Below are some records. Retype exactly the lines from the one containing "所有这些汇集在一起也推动了W" through the one containing "Այսօր՝ ապրիլի 11-ին, Ազատության", both included, skipping every picture.

Input material
━━━━━━━━━━
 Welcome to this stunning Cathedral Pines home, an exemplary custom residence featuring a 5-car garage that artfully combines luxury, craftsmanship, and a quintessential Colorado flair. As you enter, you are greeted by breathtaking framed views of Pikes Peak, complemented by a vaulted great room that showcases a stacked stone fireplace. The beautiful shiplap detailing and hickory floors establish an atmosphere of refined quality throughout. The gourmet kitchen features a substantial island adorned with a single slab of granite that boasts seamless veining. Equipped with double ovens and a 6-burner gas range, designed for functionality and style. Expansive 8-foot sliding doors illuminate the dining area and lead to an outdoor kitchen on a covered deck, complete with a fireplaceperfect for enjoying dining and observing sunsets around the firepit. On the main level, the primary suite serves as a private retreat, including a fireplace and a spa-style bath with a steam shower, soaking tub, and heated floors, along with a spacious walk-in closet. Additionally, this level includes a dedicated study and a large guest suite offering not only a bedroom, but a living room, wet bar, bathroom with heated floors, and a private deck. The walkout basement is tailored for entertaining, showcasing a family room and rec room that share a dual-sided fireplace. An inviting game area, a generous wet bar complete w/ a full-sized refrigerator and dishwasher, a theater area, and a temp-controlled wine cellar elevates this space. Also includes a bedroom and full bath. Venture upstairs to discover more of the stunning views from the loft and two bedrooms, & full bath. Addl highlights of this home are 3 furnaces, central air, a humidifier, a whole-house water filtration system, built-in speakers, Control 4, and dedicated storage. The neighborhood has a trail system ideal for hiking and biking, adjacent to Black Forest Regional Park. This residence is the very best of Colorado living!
━━━━━━━━━━
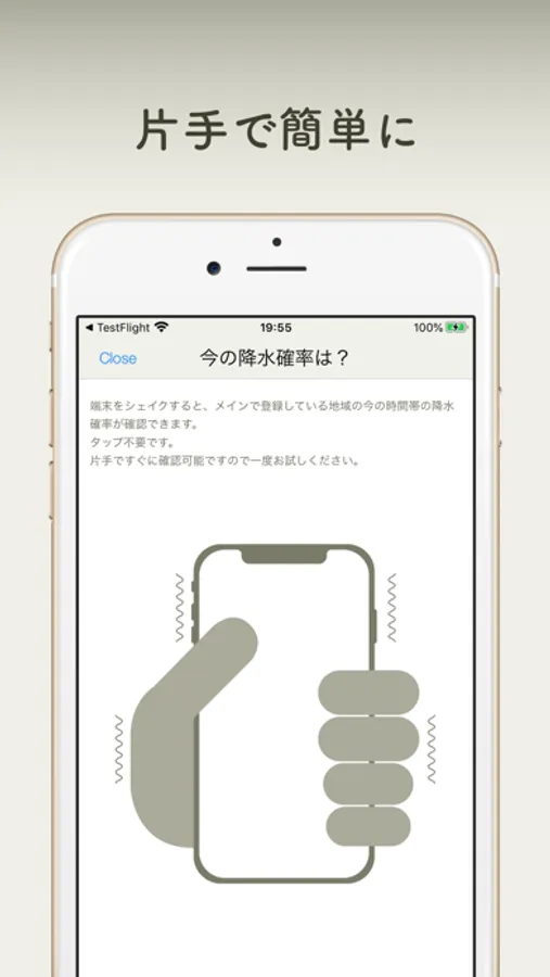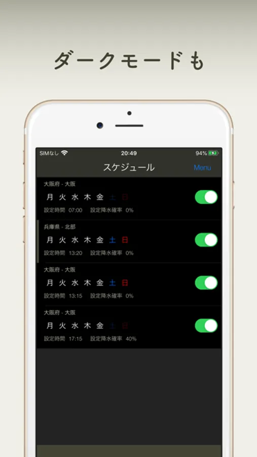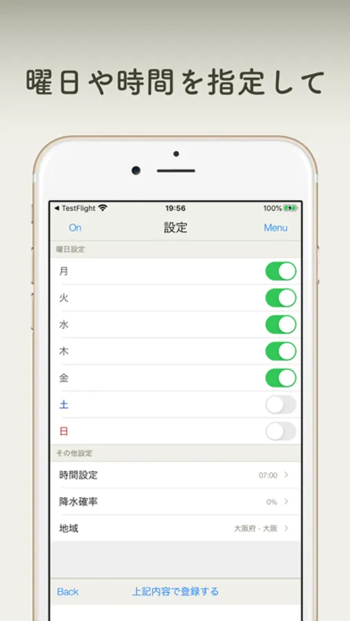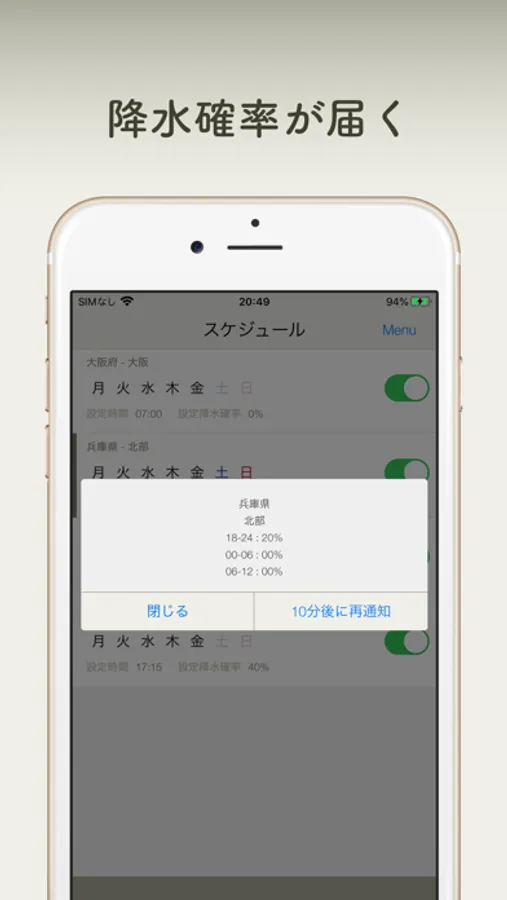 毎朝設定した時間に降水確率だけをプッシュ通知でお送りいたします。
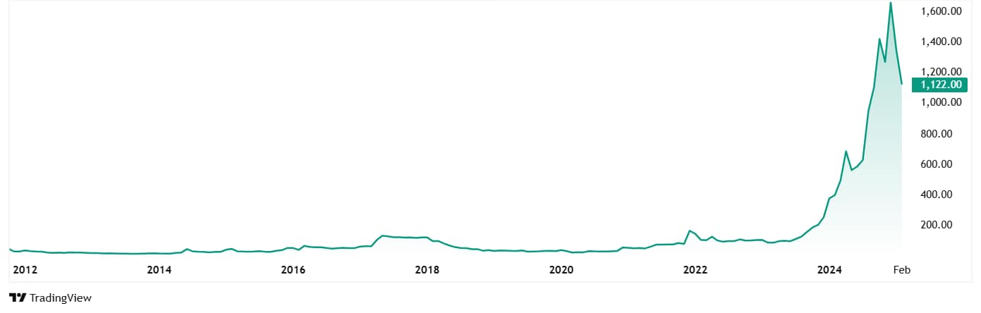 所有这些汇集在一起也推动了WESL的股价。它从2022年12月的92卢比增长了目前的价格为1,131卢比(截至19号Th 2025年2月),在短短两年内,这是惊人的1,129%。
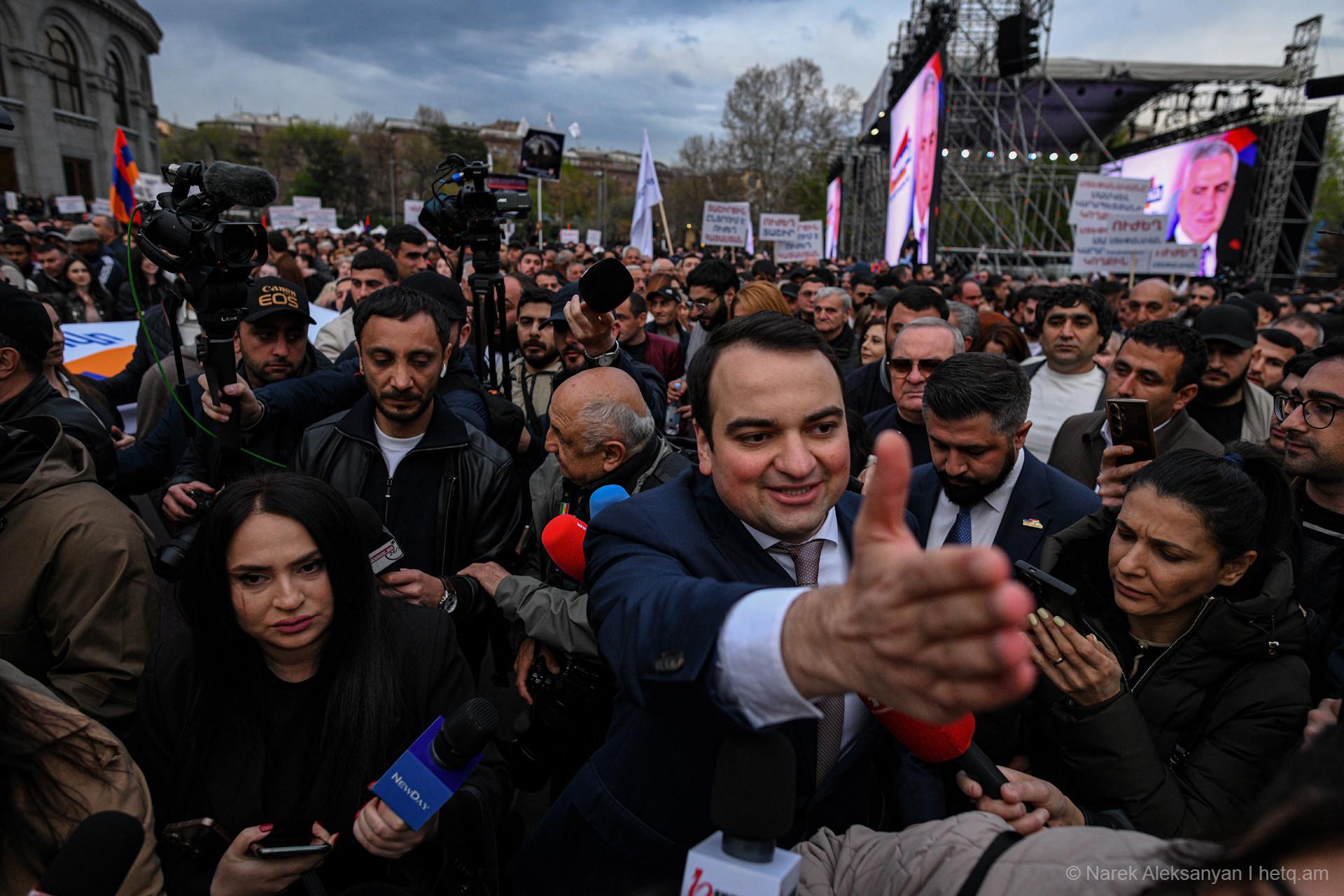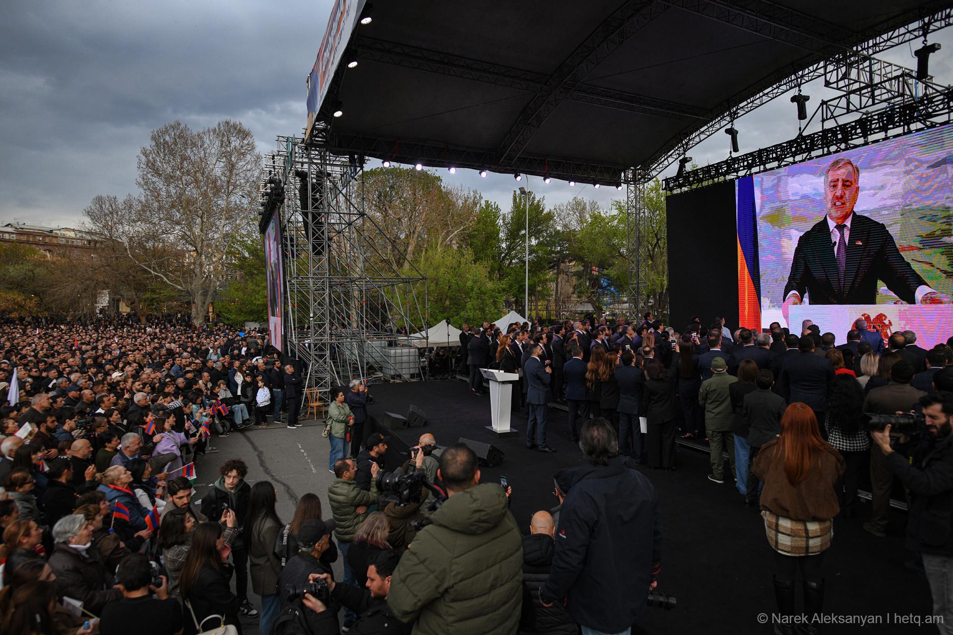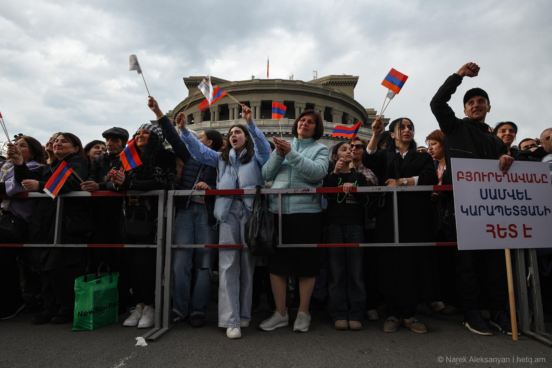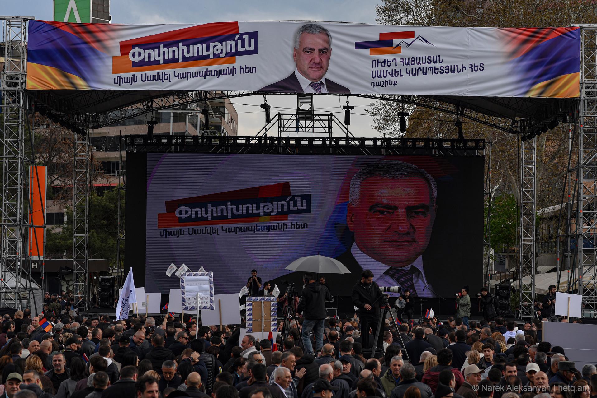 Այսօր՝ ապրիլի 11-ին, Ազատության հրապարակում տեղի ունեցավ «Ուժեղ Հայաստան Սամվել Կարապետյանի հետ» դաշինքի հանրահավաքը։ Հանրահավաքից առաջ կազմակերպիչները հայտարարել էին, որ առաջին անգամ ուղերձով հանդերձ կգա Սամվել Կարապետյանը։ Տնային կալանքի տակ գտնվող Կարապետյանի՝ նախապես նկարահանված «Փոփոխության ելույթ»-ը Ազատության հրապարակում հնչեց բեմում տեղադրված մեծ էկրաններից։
━━━━━━━━━━
Solution to this task
 所有这些汇集在一起也推动了WESL的股价。它从2022年12月的92卢比增长了目前的价格为1,131卢比(截至19号Th 2025年2月),在短短两年内,这是惊人的1,129%。
 Այսօր՝ ապրիլի 11-ին, Ազատության հրապարակում տեղի ունեցավ «Ուժեղ Հայաստան Սամվել Կարապետյանի հետ» դաշինքի հանրահավաքը։ Հանրահավաքից առաջ կազմակերպիչները հայտարարել էին, որ առաջին անգամ ուղերձով հանդերձ կգա Սամվել Կարապետյանը։ Տնային կալանքի տակ գտնվող Կարապետյանի՝ նախապես նկարահանված «Փոփոխության ելույթ»-ը Ազատության հրապարակում հնչեց բեմում տեղադրված մեծ էկրաններից։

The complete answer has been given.